# Marriage counseling- will it help?



## GRNY98 (Apr 28, 2010)

Married for nearly 13 years, going to counseling for a second time this week, we both went a few years ago as well and it seemed to help. She had continued on her own afterwards. So whats too expect this second time around? I remember the past counseling sessions were good but totally exhausting and heart wrenching and I am not feeling up to it at all. I know it will be worth it cause I want to save my marriage and am sure airing our differences out loud with an impartial 3rd party can only help...part of me owrries that the counselor would take ones side or lean toward one party being more at fault and needing change more readily than the other. Guess I have butterfiles which is odd for me, I have nothing to hide but am concerned we wil walk out of there either ready to split or ready to work it out, either is going to be hard.


----------



## OneMarriedGuy (Apr 5, 2010)

One thing to be aware of - if it appears a marriage could be in big jeopardy, a good and astute counselor may appear to side heavily with the partner that is the one most looking to jet.

Reason being is the nonjetting partner is already willing to work on things and accepting responsibility for their role in the problems. The one ready to jet is often feeling they've done everything forever and what is the point of now trying more and accepting no responsibility for their actions. Yes, they may admit they did things that were not right but it was only because the other person drove them to it. If both think they are blameless, well then the counselor really has their work cut out for them 

So, beware this is always a possibility and you may have to take it on the chin for a bit if this is you.

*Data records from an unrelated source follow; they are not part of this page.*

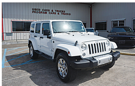
2015 Jeep Wrangler Unlimited Sahara 4WD With Navigation
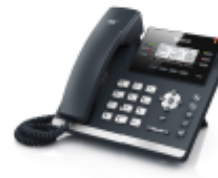
Yealink T4 series
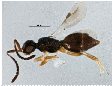
BIOUG05533-C06 [Lateral] Megaspilidae
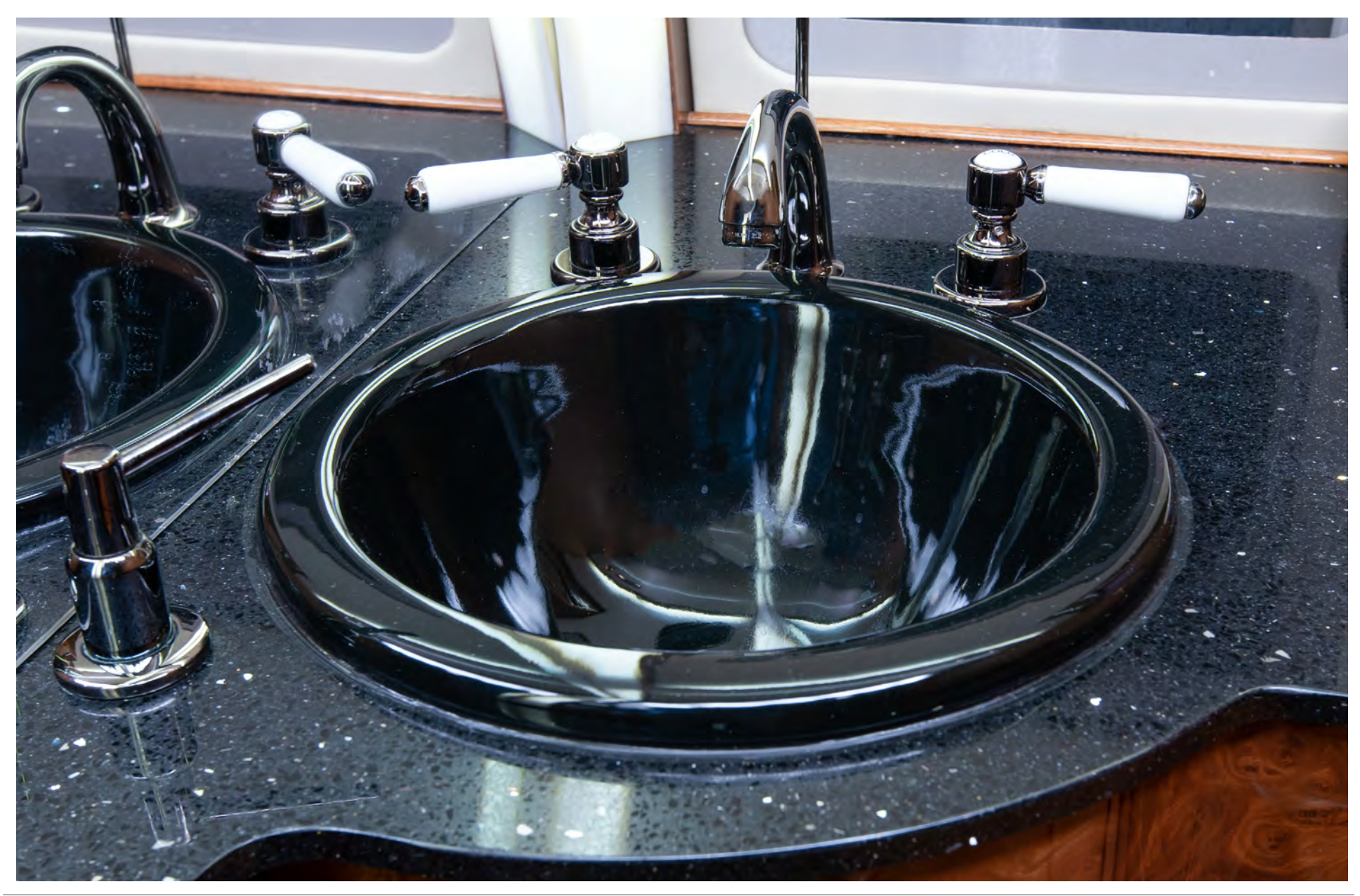
SPECIFICATIONS ARE PROVIDED FOR INFORMATIONAL PURPOSES ONLY AND DO NOT CONSTITUTE REPRESENTATIONS OR WARRANTIES. THESE SPECIFICATIONS ARE SUBJECT TO BUYER'S INDEPENDENT VERIFICATION UPON INSPECTION THE AIRCRAFT IS SUBJECT TO PRIOR SALE, LEASE AND/OR REMOVAL FROM THE MARKET WITHOUT PRIOR NOTICE. JUNE 16, 2021 9:57 AM
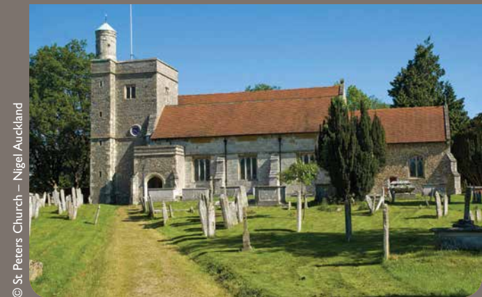
© St. Peter's Church – Nigel Auckland
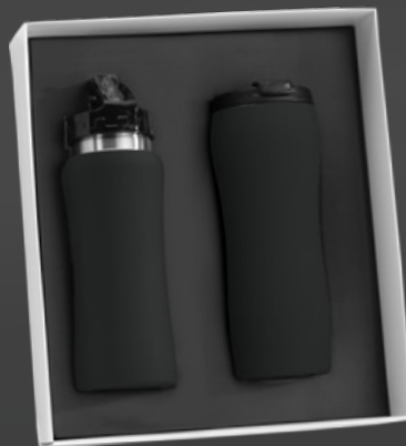
Drinkware set: Water Bottle, 600 ml. & Thermal Mug, 450 ml. HB01/HD02
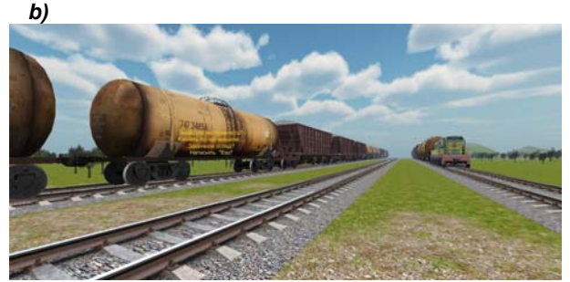
Fig. 3. Examples of the view from locomotive cab on driver's workbench: a) passing of train station, b) inspection of whole train and its elements using the function of outside view with the simulation of broken parts.
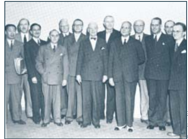
Members of the Special Committee on Palestine (shown here with two United Nations officials).

The question of Palestine was brought before the General Assembly by the United Kingdom almost as soon as the United Nations came into being. An 11-member Special Committee on Palestine (UNSCOP) was formed at the first special session of the Assembly in April 1947. The majority of the committee members recommended that Palestine be partitioned into an Arab State and a Jewish State, with a special international status for the city of Jerusalem under the administrative authority of the United Nations.
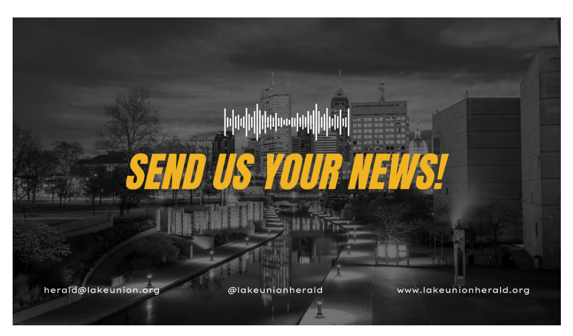
Thanks for reading the Lake Union newsletter. <u>Please share</u> it widely.

We can't deliver news from your spam folder. Be sure to add herald@lakeunion.org to your contacts. In Gmail, drag this newsletter over to your 'Primary' tab. And, of course, you can reach us with any tips, ideas, critiques by replying to this email.

But in the end YES it will be good for you. It will help you see better how she thinks/reacts, and how you think/react


----------



## GRNY98 (Apr 28, 2010)

Thanks for the insight, guess I'll just be totally stressed till the session takes place. Ill report the results and hope for the best.


----------



## OneMarriedGuy (Apr 5, 2010)

Aaah - don't wait in stress, do something proactive. Maybe read a bit about the five love languages or read about what women want from men. Take this test/questionnaire for yourself and then pretend you were her answering it and ask her to do the same, might give yo some surprise answers as to how she/you feel love.

Love Languages Test

Or not  I say this because for me, if my mind is busy, I stress less


----------



## omar77 (May 10, 2010)

well it depends on you and your partner if you're both being honest and want to solve the problems and not alleviating them then it will be helpful otherwise i don't think so if you were both not 100% convinced in it.


----------